Penisilinin insanları tedavi eder hale gelebilmesi için bu üç adamın dehalarının bir araya gelmesi gerekmiştir. Fleming’in mantarı tarafından salgılanan küf suyu laboratuvardaki bakterileri öldürebilirken, hastaların tedavisinde tamamen etkisizdir. Flamingo, penisilini sabit bir halde yalıtmanın, arıtmanın ve saklamanın yolunu bilmiyordu. Chain klinik ortamda üretilebilen istikrarlı bir penisilin türü üretmeyi başardı. Heatley ise, laboratuvar aletlerini bir araya getirerek bir fermantasyon aleti üretti. Ardından ekip bu yeni penisilini fareler üzerinde deneyip başarılı oldu ve kısa süre sonra insan denekler üzerinde test etmeye başladı. Ellerindeki stokların yetersizliğinden ilk insan üstünde denemeleri başarılı olmadı, yetersiz kaldı. Yüksek miktarda üretime geçmek için 2. Dünya Savaşı’nın ortasında Amerika’daki Rockefeller Vakfı’ndan finansal destek gördüler. Penisilin üretimini arttırmak için iki büyük keşif daha yaptılar: biri, mısır maserasyon sıvısıyla fermante edildiğinde üretilen penisilin miktarının büyük ölçüde artmasıydı ve de iki, Penicillium chrysogenum adındaki penisilin türünün Fleming’in ilk penisilin türünden daha etkili olduğuydu. Daha geniş endüstriyel çapta üretimlere geçilmesi ancak Savaş Üretim Kurulu’nun 21 şirketi penisilin üretimiyle görevlendirmesiyle mümkün oldu ve binlerce kişinin savaş sırasında hayatı kurtarıldı. Penisilinin kamuoyuna ulaşması ise, savaşın bitmesinin ardından Fleming’in ilk keşfinden yaklaşık 20 yıl sonra gerçekleşti.

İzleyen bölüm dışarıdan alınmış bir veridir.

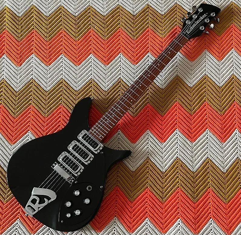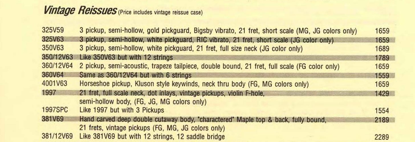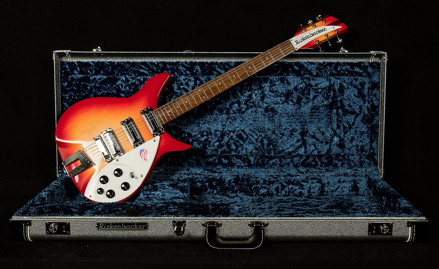 The very first 350s appeared in 1983–over forty years ago! And the basic idea just makes sense: a small bodied semi-hollowbody like the 325, but full scale. It’s actually a little surprising that it didn’t exist earlier. That said, despite solid sales over its lifetime, it doesn’t sit “top of mind” for most people when thinking about Rickenbackers. Which is odd, because there’s plenty of them out there, they’re not terribly expensive, they’re light and very comfortable to play, and they do everything you’d expect a Rickenbacker to do. I’d argue that 350s are slept on!
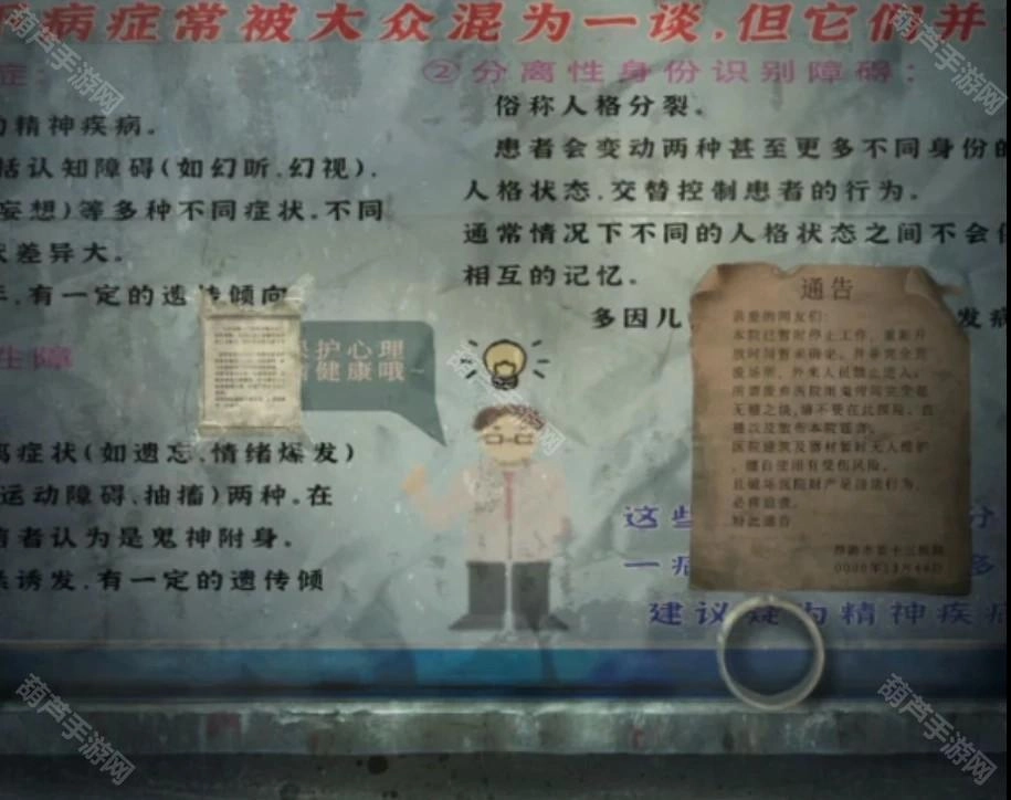 短暂的剧情过后直接开始解谜啦,首先点一下床会自动移动到喇叭下面,查看一下右上角喇叭需要胶带,左边的吧台上拿到圆珠笔,旁边的蟾蜍提示肚子里有东西,查看一下后面公告栏,剧情过后一定要记得拿右下角胶带哦!随便查看一下两个通知都是剧情道具,再次查看右上角的喇叭使用胶带会提示去取药口取药,点一下右边的取药处窗口就能直接拿到催吐剂。
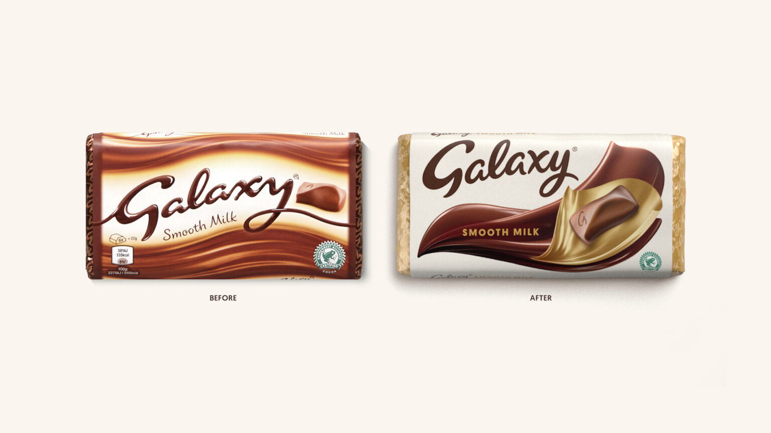 A more distinctive ‘chocolate flow device’ overlaid with expressive silk adds a spark of vibrancy and makes flavours easier to find. The white backdrop contrasts the new assets, including a hand-crafted script word marque. A range of vibrantly coloured silks expresses the portfolio’s diversity and heroes each flavour story for endless future innovations. With this design focused on flow, silkiness, layers and contrasts, Dove/Galaxy inspires a sense of pride and shameless indulgence in the smoothest way possible.

İnovasyonların bir fikirden çıkıp hızla hayata geçtiğine inanırız. Oysa, inovasyonlar fikrin keşfini takiben çözümün geliştirilmesi ve sektörün dönüştürülmesinden oluşan bazen aynı zamanlı bazen seri halinde gerçekleşen bir dizi sürecin ve de yılların sonucunda ortaya çıkarlar. Bunu tek bir kişi veya kuruma yüklemek inovasyonun kompleksliğini algılamaya çalışmayıp basite indirgemek olur.